Non-Gaussian conductance noise in disordered electronic systems due to a non-linear mechanism

TL;DR

This study investigates non-Gaussian conductance noise in disordered indium oxide films, revealing size-dependent noise characteristics and a non-linear bias dependence, explained by a model of non-linear effects in hopping transport.

Contribution

It demonstrates the presence of non-Gaussian noise in disordered systems and introduces a model linking this behavior to intrinsic non-linear transport mechanisms.

Findings

Noise magnitude scales with inverse sample volume.

Non-Gaussianity depends non-trivially on bias voltage.

A model explains the non-linear effects in hopping conduction.

Abstract

We present results of conductance-noise experiments on disordered films of crystalline indium oxide with lateral dimensions 2microns to 1mm. The power-spectrum of the noise has the usual 1/f form, and its magnitude increases with inverse sample-volume down to sample size of 2microns, a behavior consistent with un-correlated fluctuators. A colored second spectrum is only occasionally encountered (in samples smaller than 40microns), and the lack of systematic dependence of non-Gaussianity on sample parameters persisted down to the smallest samples studied (2microns).
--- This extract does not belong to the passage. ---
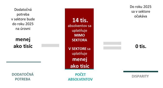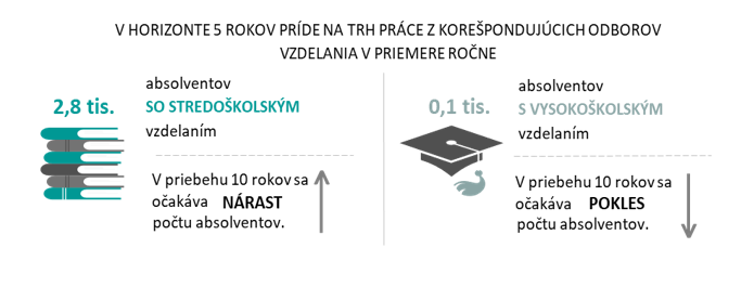 V období rokov 2021 – 2025 príde na trh práce 14,6 tisíc absolventov stredných a vysokých škôl, ktorí ukončia štúdium v niektorom z korešpondujúcich odborov vhodných pre výkon zamestnaní v tomto sektore a nebudú pokračovať v štúdiu. Približne 97 % z prichádzajúcich absolventov budú tvoriť absolventi stredných škôl, podiel absolventov vysokých škôl bude na úrovni 3 %. V dlhšom horizonte, v nasledujúcich 10 rokoch sa očakáva nárast počtu stredoškolských absolventov.
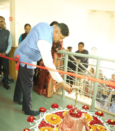 Following this, the auspicious Lighting of the Lamp ceremony invoked the blessings of Goddess Saraswati for wisdom and enlightenment. The ceremony was graced by distinguished guests, including Chief Guest Dr. Kamala Kannan, Guest of Honour Mr. Gaurav Chandra, Plant Head at Gujarat Guardian Limited, Special Guest A.M. Surana, Director of Finance at Gujarat Guardian Limited, and Mr. Amit Khatri, General Manager of Finance and Accounts at GGL. They were warmly welcomed by Principal Mr. Ramjee Nagarajan and Vice Principal Mrs. Rosy Mehta. The dignitaries were introduced by Aryan Nair and Gloria Biju, and presented with mementos as tokens of appreciation.

Moreover, it turns out that the degree of non-Gaussianity exhibits a non-trivial dependence on the bias V used in the measurements; it initially increases with V then, when the bias is deeper into the non-linear transport regime it decreases with V. We describe a model that reproduces the main observed features and argue that such a behavior arises from a non-linear effect inherent to electronic transport in a hopping system and should be observed whether or not the system is glassy.